Historically, prices have moved higher as gold traders and buyers returned from their summer holidays.
In reality, it has been the approaching Indian holiday, wedding, and agricultural harvest seasons that have boosted gold demand and supported higher prices in world markets as summer draws to a close.
Until last year, India was the largest consumer of gold in the world market, but thanks to the imposition of gold-import barriers by the Indian authorities and the surge in Chinese demand, China rose to the top spot and India trailed behind. Nevertheless, India remains a major player holding much sway over the world price.
With discouraging import duties and other anti-gold trade barriers still in place, it remains to be seen this year whether or not India will provide its usual seasonal boost to gold demand and prices in the world marketplace.
I expected India’s new government would move quickly to roll back the ten percent tax
on gold imports and abolish other barriers to the gold trade, but so far, it has failed to
provide any relief to bullion importers and the related jewelry and gemstone industries.

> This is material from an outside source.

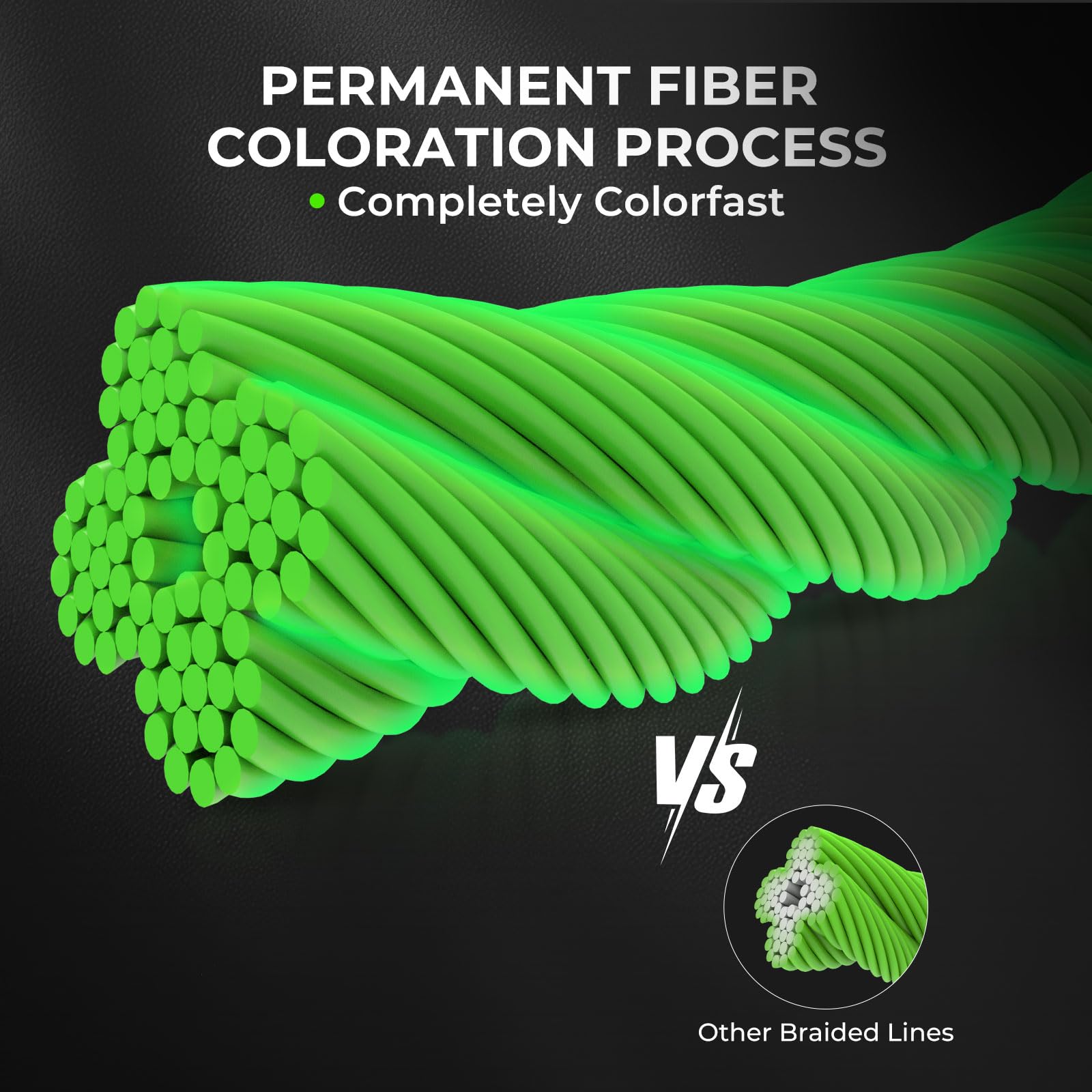 - Colorfast Permanent Coloration Process - SuperPower ColorShield braided fishing line is engineered with solution dyed UHMWPE for colorfast properties. Solution dyeing ensures that the color remains for the life of the line and does not bleed, maintaining its visual appearance. SuperPower ColorShield braided fishing lines have excellent colorfast properties, and retain their vibrant color with continued use, even after repeated exposure to sunlight, water, and harsh fishing conditions.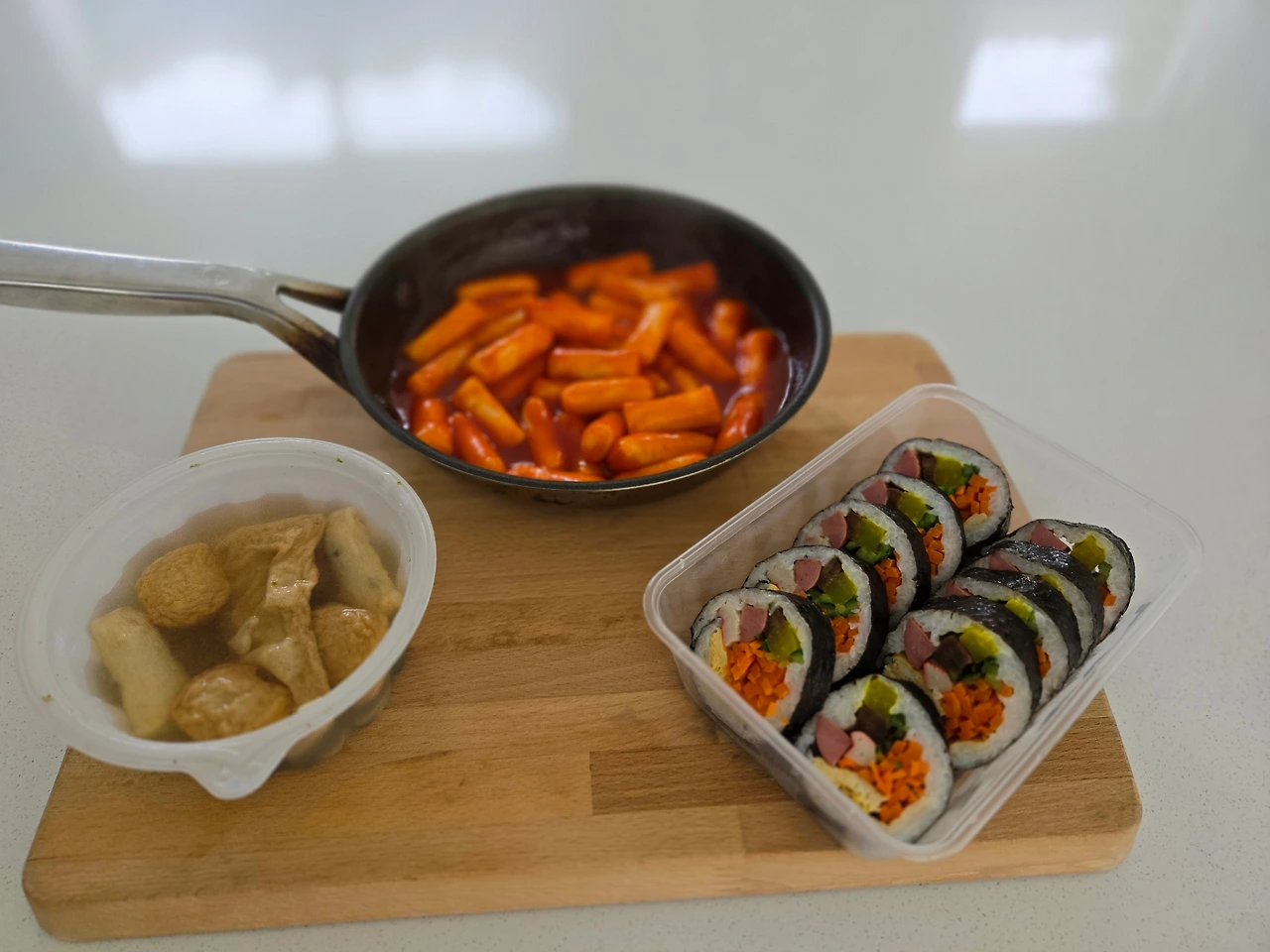 저는 분식을 정말 좋아합니다. 특히 김밥, 떡볶이, 그리고 어묵을 함께 먹는 것을 좋아하는데요, 이렇게 세 가지 메뉴를 한꺼번에 먹는 것은 저에게 최고의 분식 콤보입니다. 그런데 혼자 음식을 해 먹다 보면 항상 양이 문제가 되곤 합니다. 김밥은 한 줄만 만들기엔 재료 준비도 번거롭고, 떡볶이와 어묵도 마찬가지로 소량으로 만들기가 어려워요. 그래서 분식을 먹고 싶어도 혼자서는 자주 포기하게 됩니다.

Relief will come sooner or later, perhaps even by September or October. Indian authorities now wish to discourage smugglers (who last year may have smuggled as much as 200 tons into the country) and to relieve the bullion, jewelry, and gem industries, an important political constituency that has been harmed by the restrictions on gold importation.
A rollback in import restrictions and a surge in Indian gold consumption, whenever it comes, could be sufficient to jog the world gold market into high gear, triggering resumption in the long-term gold-price upswing. In any event, with or without a rollback in India’s barriers to free trade in gold, demand for gold in that populous nation will be rising in the months ahead, offering support to the metal’s world price.